The reason why 2nm is significant is because it means you can pack more transistors onto a chip the thickness of a fingernail. This adds to energy efficiency and—hopefully—performance from Google’s next Pixel 11 series. According to the leak, the chip will run on one ARM C1-Ultra core hitting 4.11GHz clock speeds, four C1-Pro cores at 3.38GHz, and an additional two C1-Pro cores at 2.65GHz. As noted by Android Authority, these are the same cores powering a MediaTek Dimensity 9500 smartphone chip, though that chip packs three more-performant ARM C1-Premium cores.

iPhone 16 Pro vs. Pixel 10 Pro
Google will likely push more AI capabilities as the selling point over an iPhone. © Adriano Contreras / Gizmodo

What does all this mean? The Tensor G6 could be more performant than the Tensor G5 on the Pixel 10 series. But single-core performance will mean the device performs better with individualized tasks, like how fast web pages may load. We won’t know just how well the Pixel 11 will hit the mark with something more demanding, like gaming. Mystic Leaks suggests we’ll get performance from a PowerVR C-Series CXTP GPU, aka the graphics processing unit. We won’t know how well Google’s new phone handles real-time graphics. The Tensor G5 significantly underperformed Qualcomm’s and MediaTek’s flagships in pure frame rates.

If the MediaTek Dimensity 9500 already loses to the Qualcomm Snapdragon 8 Elite Gen 5 in benchmark performance, what hope does Google have of hitting back against Qualcomm or even Apple’s latest A19 and A19 Pro? Google’s Pixel phones will still not be the pinnacle of performance, but Google will try to make up for it in other ways—likely with a host of Gemini AI features, improved camera sensors, and a spunky RGB pixel array akin to the Nothing Phone 3.

There’s a reason why Google’s previous Pixel 9a was a great deal in midrange smartphones. It maintained the Tensor G4 chip of its $800 Pixel 9 from 2024. This year, Google launched the Pixel 10a, which is essentially the same damn phone as the previous iteration with the same damn chip.

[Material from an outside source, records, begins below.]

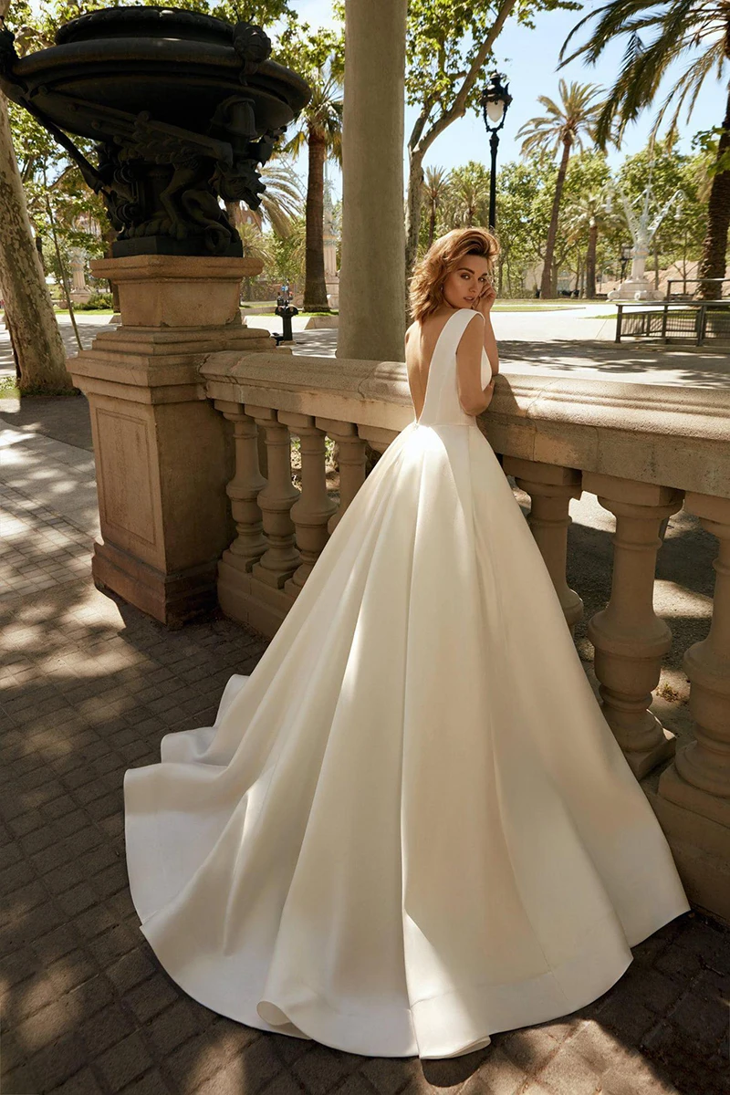 Платье Свадебное ТРАПЕЦИЕВИДНОЕ атласное с V-образным вырезом и отк...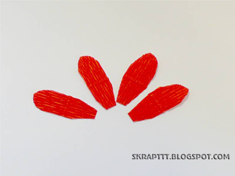 2. Полоску из цветной флористической бумаги перегнем в 4 сложения и вырежем 4 лепестка со скругленным верхним краем и скошенным на угол нижним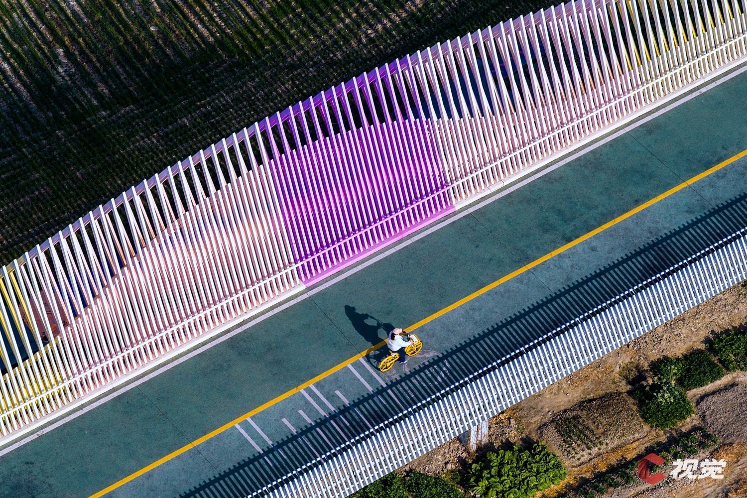 冬日暖阳下,市民在成都市郫都区的落虹桥上骑行而过,欣赏沿途美景。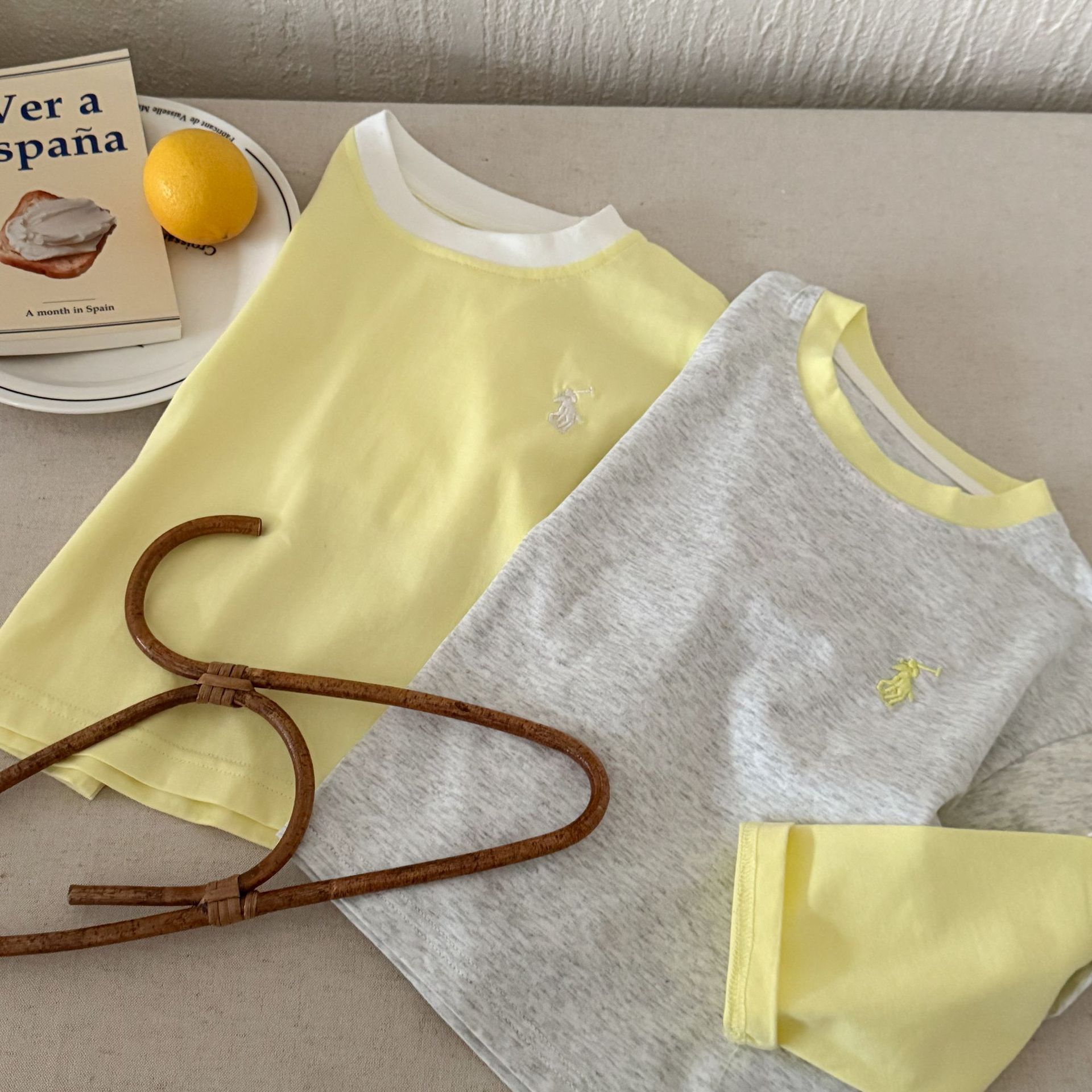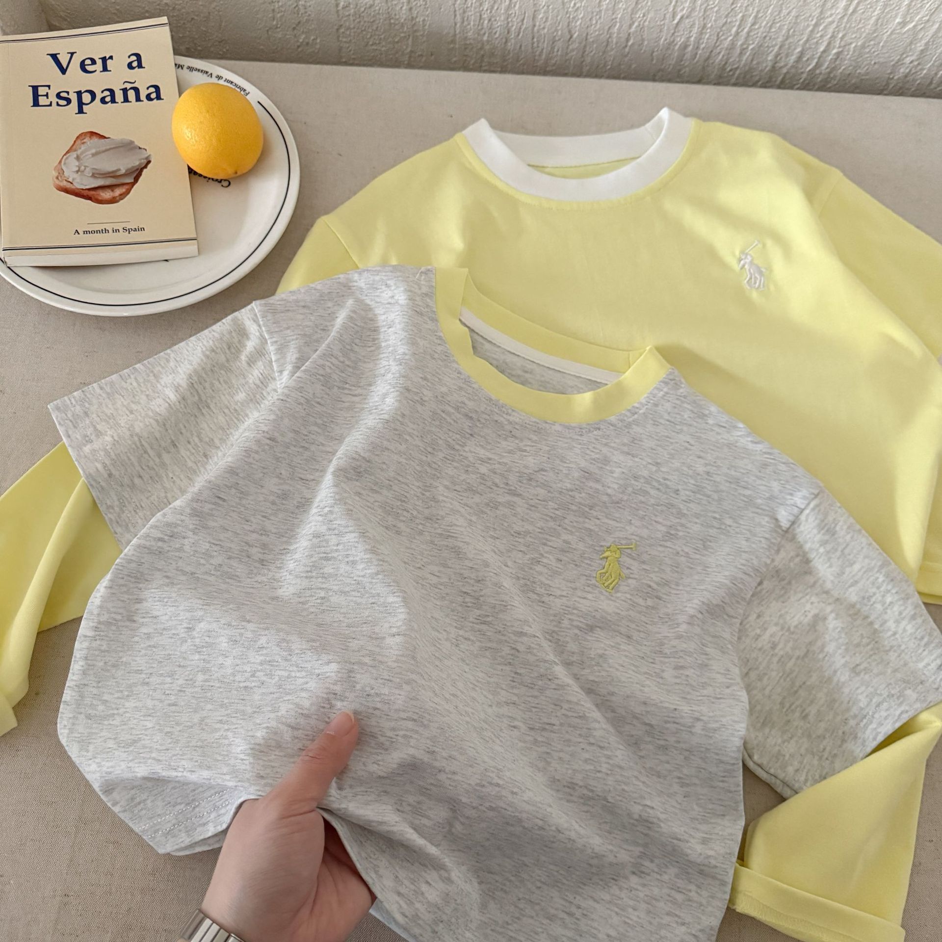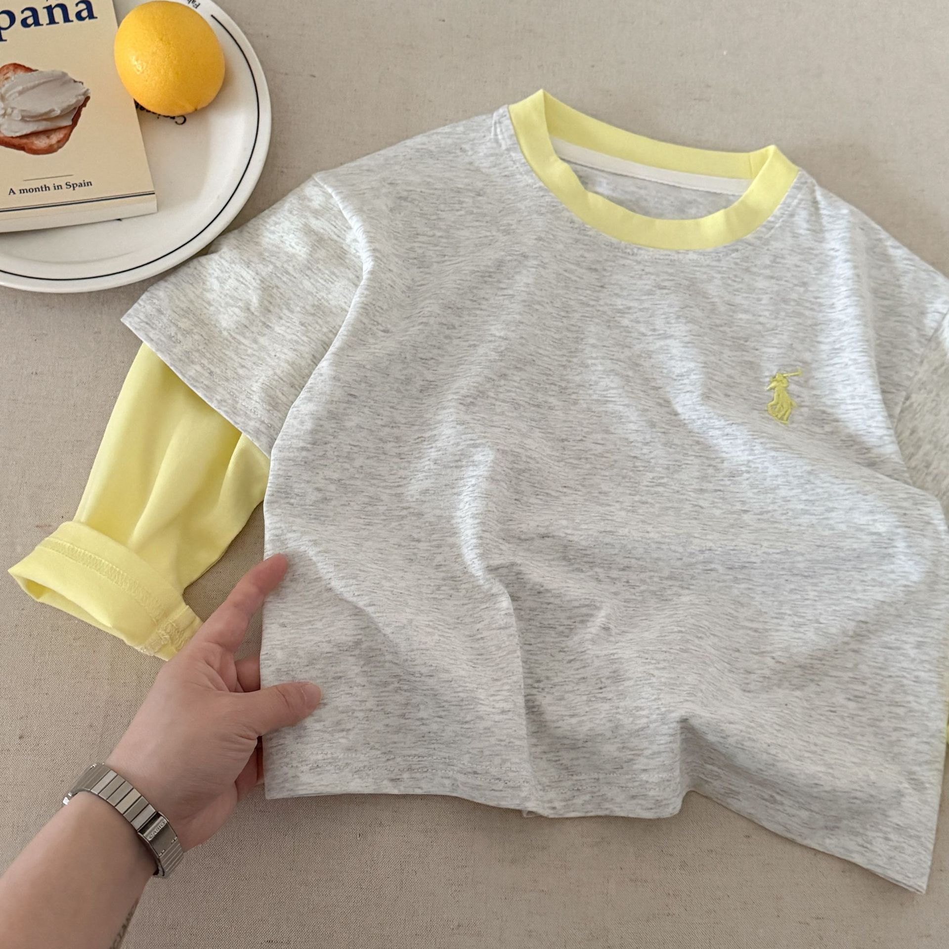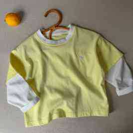 어린이 가짜 투피스 긴팔 티셔츠 2022 가을 새로운 아동 의류 소년과 소녀 라운드 넥 컬러 매칭 캐주얼 바닥 셔츠

Google’s Tensor chips outmatch other midrange phones, but Google won’t be selling its phones for less. These leaks also suggest Google has bowed to the pressures of shrinkflation and lowered base RAM specs on its Pixel 11 Pro Fold. At the same time, if Google wants to push more Gemini AI, it will likely harp on its TPU, a tensor processing unit, built for tweaking your photos on the fly. Google again has to prove software can make up for a lower-performance, though still expensive, smartphone.